→ **What the task asks**
Please transcribe only the lines between the one containing "Такие ценовые скачки" and the end of the records, both ends included, exactly as written; skip every picture.

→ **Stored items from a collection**
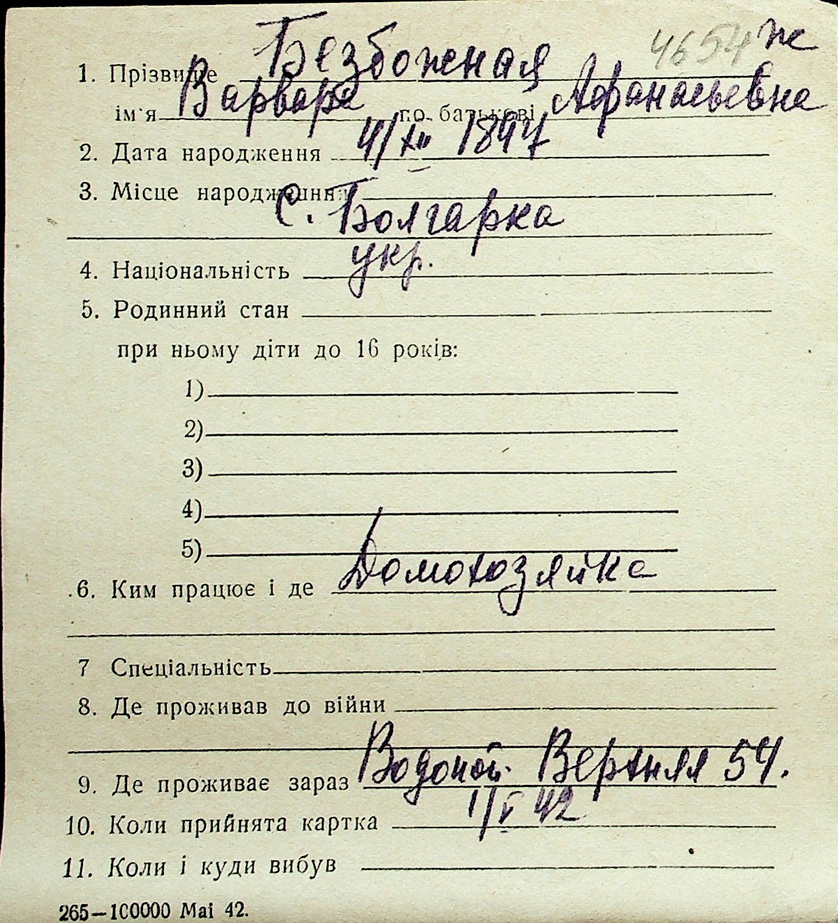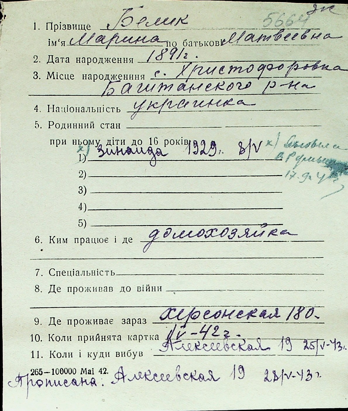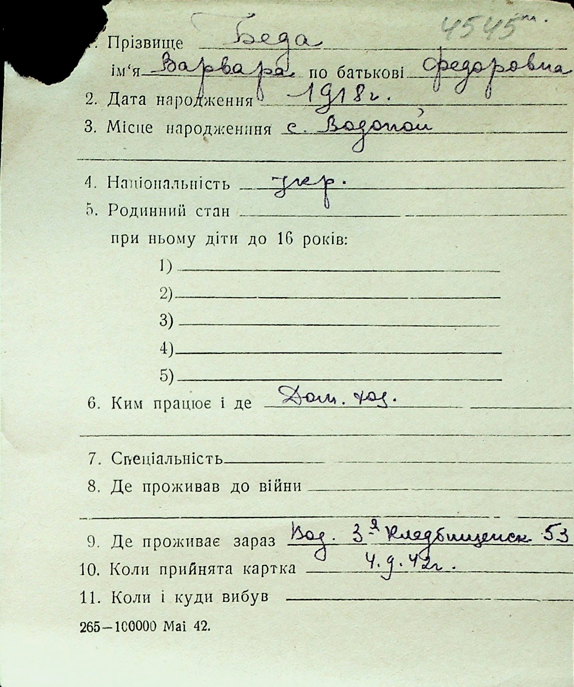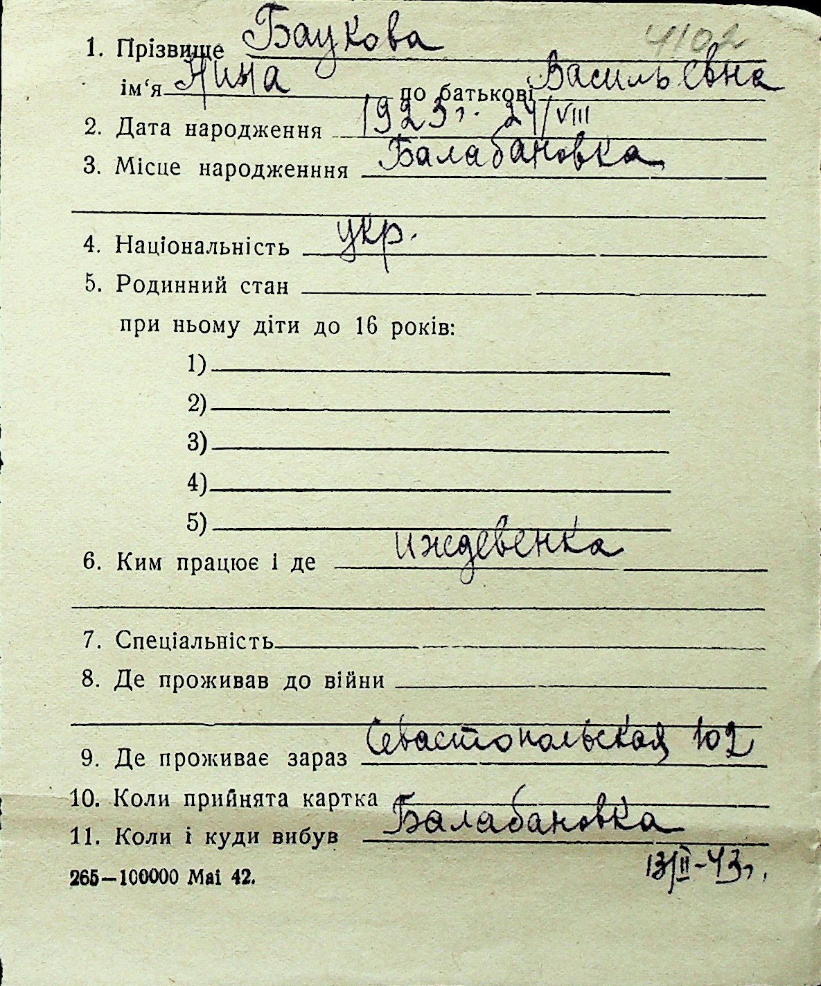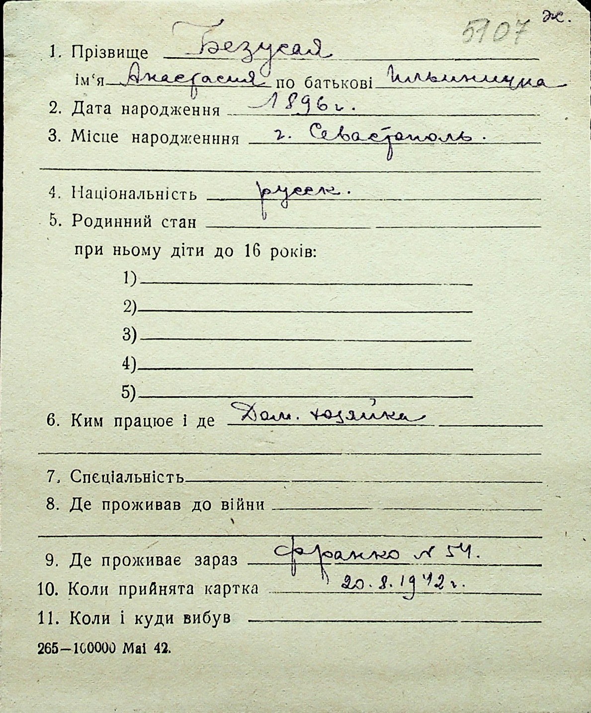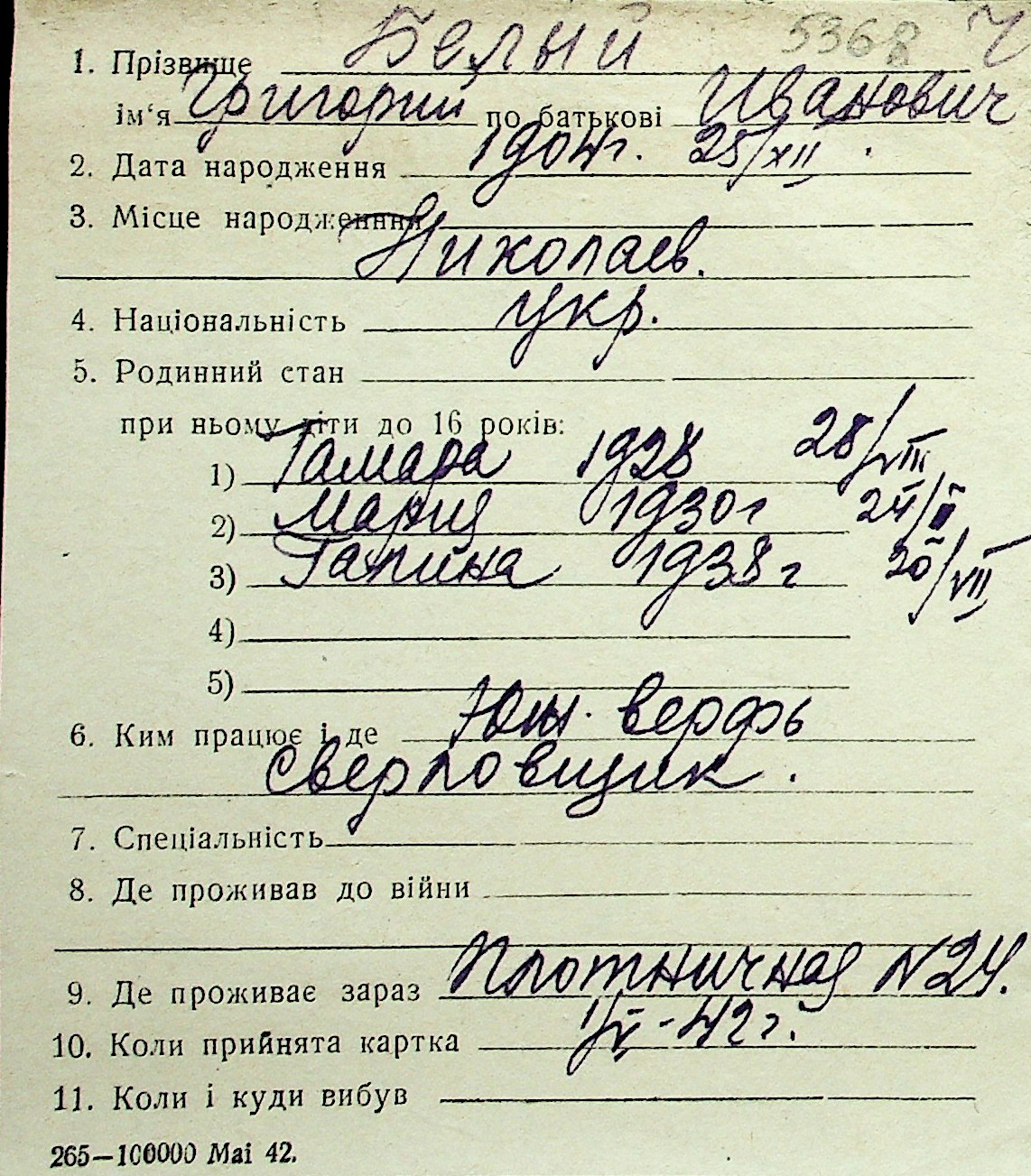 ◦ ◦ Перелік карток на осіб, які мешкали у м. Миколаїв у період окупації 1941–1944 років
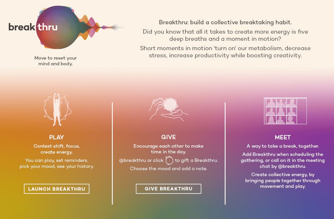 Breakthru is a new wellbeing application in Teams offering tiny breaks, to share and play, free for all NHS colleagues to improve their wellbeing.
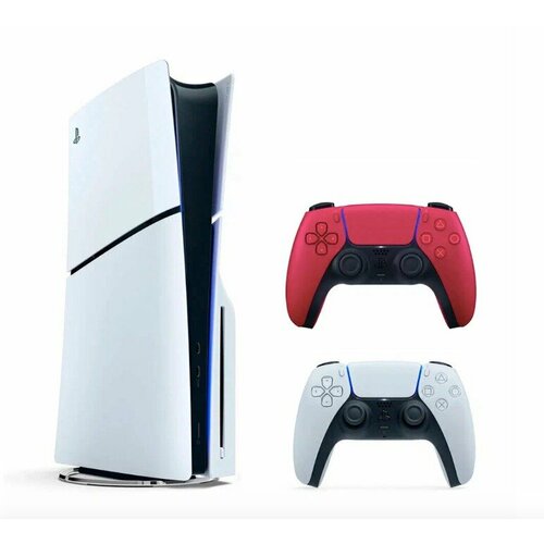 PS5 (ПС5) Игровая приставка Sony PlayStation 5 Slim disk+2-й геймпад(красный), 1000 ГБ
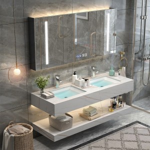 The open storage layout allows you to find the items you want at a glance. The novel segmented pattern enhances the overall fashion sense of the bathroom. The double-sided basin design makes the short morning orderly, and two people can wash at the same time, saving time.
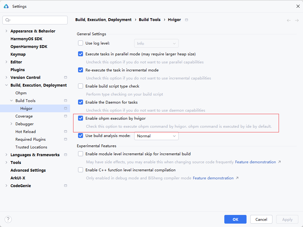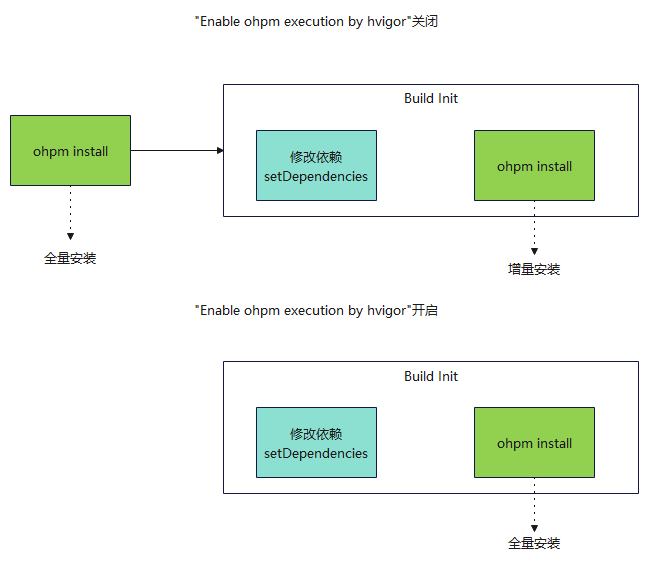hvigor采用“Enable ohpm execution by hvigor”开关支持ohpm install合一,优化性能。“Enable ohpm execution by hvigor”打开后,ohpm install会统一在hvigor的setDependencies中调用,减少一次增量ohpm install,优化性能。
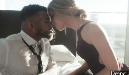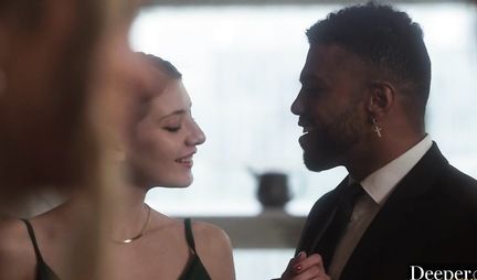 И пусть на званом вечере блондинка Авери Кристи тусуется с мужем, но разве может морщинистый хрен составить конкуренцию молодому мулату на которого девушка западает как муха на дерьмо. В итоге она прячется в одной из комнат верхнего этажа, а когда черный ухажер находит ее, то затыкает ему рот и достает член, дабы вдоволь побезобразить. Ну так начинали молодые люди шпилиться, когда за окнами была ночь, а сейчас уже кажется почти полдень.
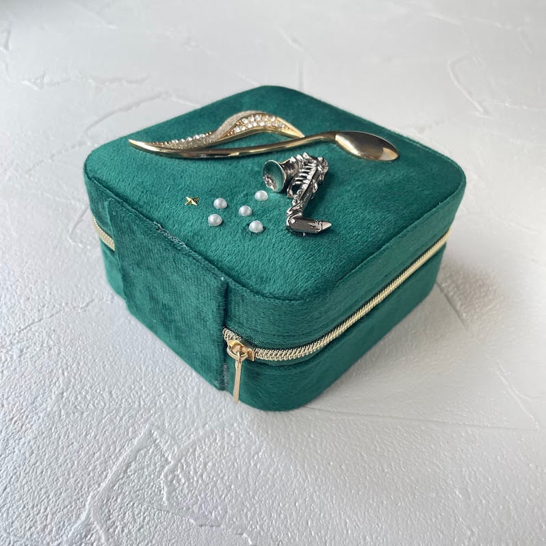 新品のジュエリーボックスに、ユーズドアクセサリーのモチーフ部分を装飾したアップサイクルアイテム。
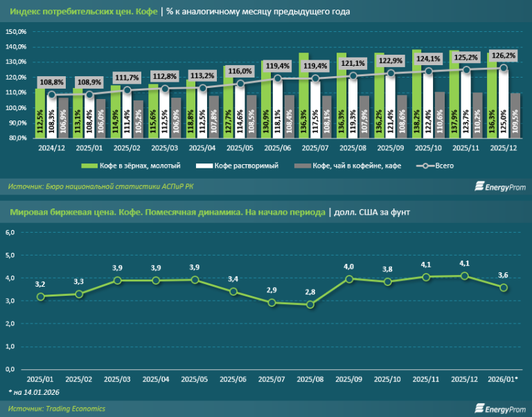 Такие ценовые скачки — не какая-то особенность внутренней торговли РК. Главными виновниками ситуации стали зарубежные поставщики. Кофе подорожал во всём мире. Данные международного портала Trading Economics позволяют отследить эту тенденцию. В декабре 2025-го фунт кофе на мировой бирже оценивался в 4,1 долл. США — на 28,1% больше, чем в январе этого же года.
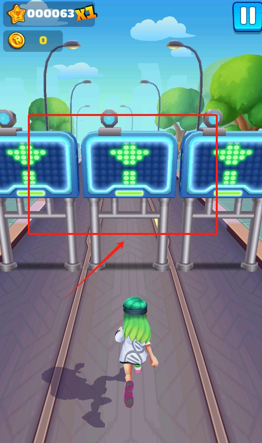 2、瞧,那个绿头发的小人正在跑道上奔跑呢。无需按下任何按钮,她就会自动往前跑,你只需盯着屏幕就好啦。

→ **Response area**
 Такие ценовые скачки — не какая-то особенность внутренней торговли РК. Главными виновниками ситуации стали зарубежные поставщики. Кофе подорожал во всём мире. Данные международного портала Trading Economics позволяют отследить эту тенденцию. В декабре 2025-го фунт кофе на мировой бирже оценивался в 4,1 долл. США — на 28,1% больше, чем в январе этого же года.
 2、瞧,那个绿头发的小人正在跑道上奔跑呢。无需按下任何按钮,她就会自动往前跑,你只需盯着屏幕就好啦。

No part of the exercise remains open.